== PROBLEM DETAILS ==
Give every line of the data again, unchanged, but with no pictures.
INFORMATION SHOWN START
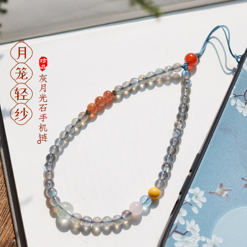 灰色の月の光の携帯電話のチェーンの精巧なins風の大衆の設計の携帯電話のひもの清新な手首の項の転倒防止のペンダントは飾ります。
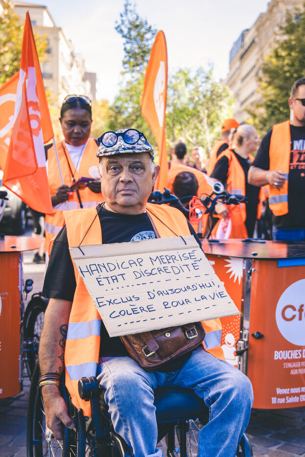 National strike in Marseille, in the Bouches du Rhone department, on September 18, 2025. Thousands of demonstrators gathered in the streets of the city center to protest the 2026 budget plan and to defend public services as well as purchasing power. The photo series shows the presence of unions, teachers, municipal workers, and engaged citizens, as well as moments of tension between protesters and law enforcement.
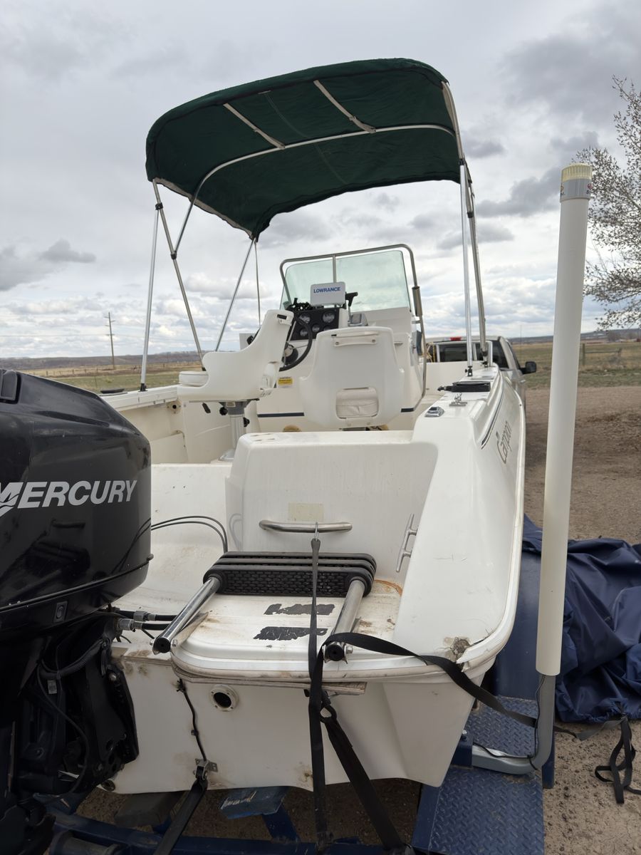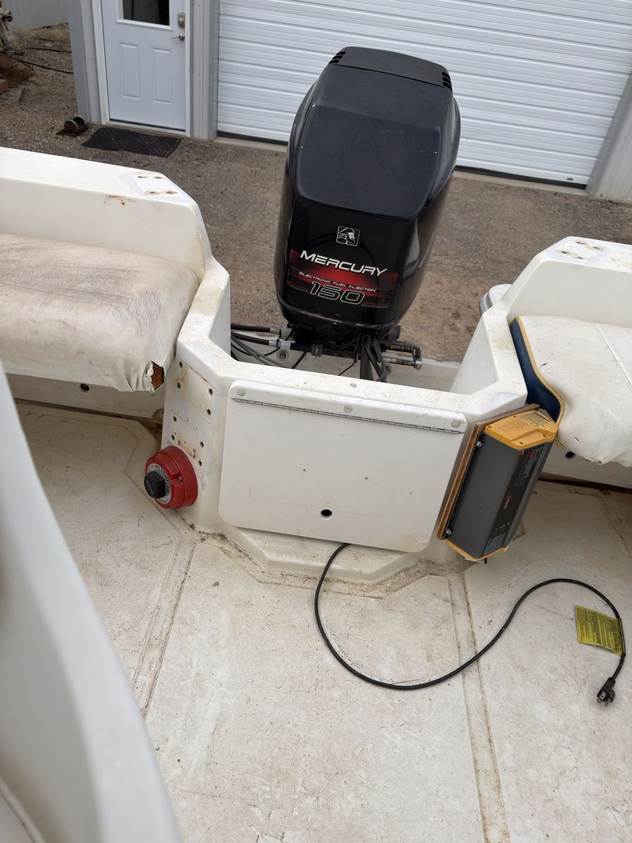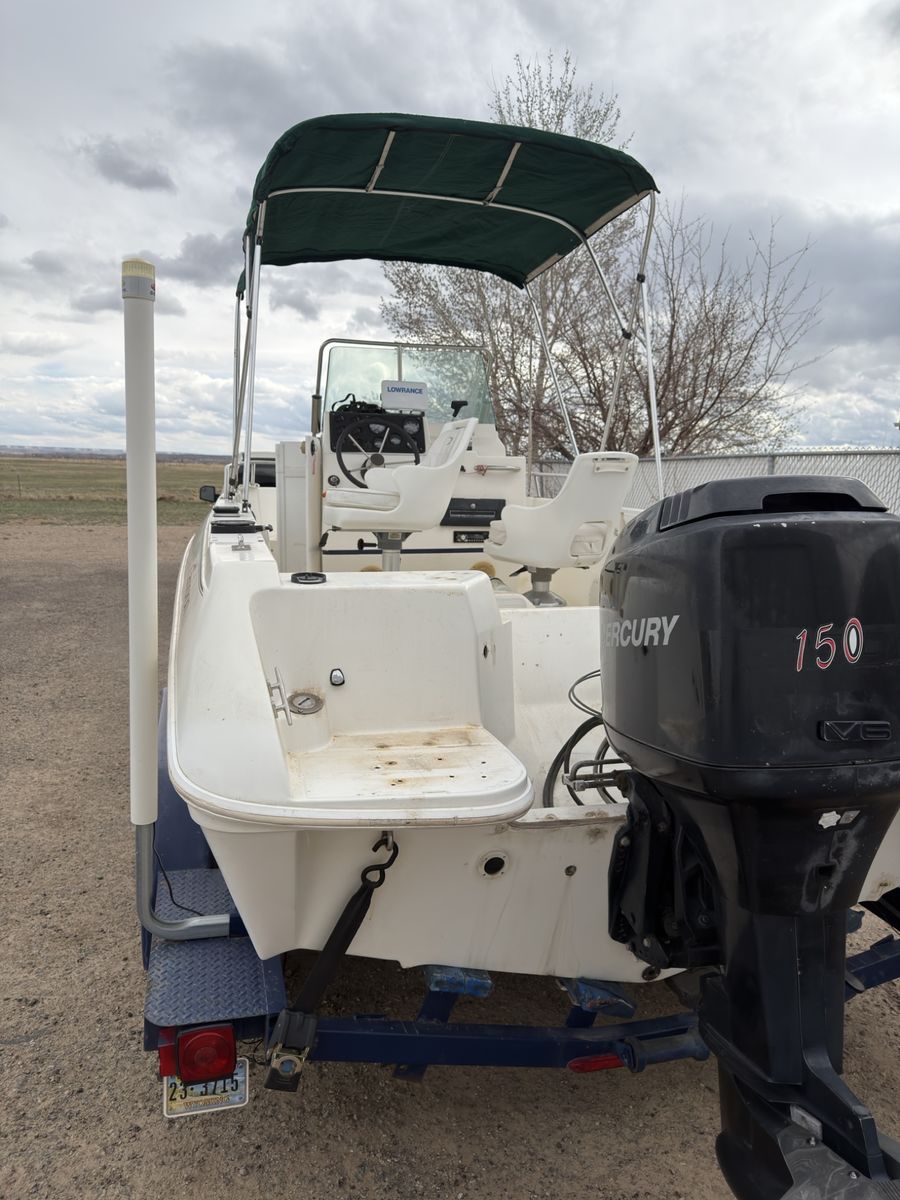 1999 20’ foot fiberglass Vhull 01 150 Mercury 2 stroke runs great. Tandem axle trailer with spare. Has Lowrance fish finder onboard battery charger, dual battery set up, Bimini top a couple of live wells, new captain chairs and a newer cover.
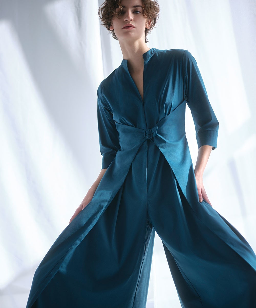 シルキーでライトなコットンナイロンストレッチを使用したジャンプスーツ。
INFORMATION SHOWN END
== ANSWER FOR THE TASK ==
 灰色の月の光の携帯電話のチェーンの精巧なins風の大衆の設計の携帯電話のひもの清新な手首の項の転倒防止のペンダントは飾ります。
 National strike in Marseille, in the Bouches du Rhone department, on September 18, 2025. Thousands of demonstrators gathered in the streets of the city center to protest the 2026 budget plan and to defend public services as well as purchasing power. The photo series shows the presence of unions, teachers, municipal workers, and engaged citizens, as well as moments of tension between protesters and law enforcement.
 1999 20’ foot fiberglass Vhull 01 150 Mercury 2 stroke runs great. Tandem axle trailer with spare. Has Lowrance fish finder onboard battery charger, dual battery set up, Bimini top a couple of live wells, new captain chairs and a newer cover.
 シルキーでライトなコットンナイロンストレッチを使用したジャンプスーツ。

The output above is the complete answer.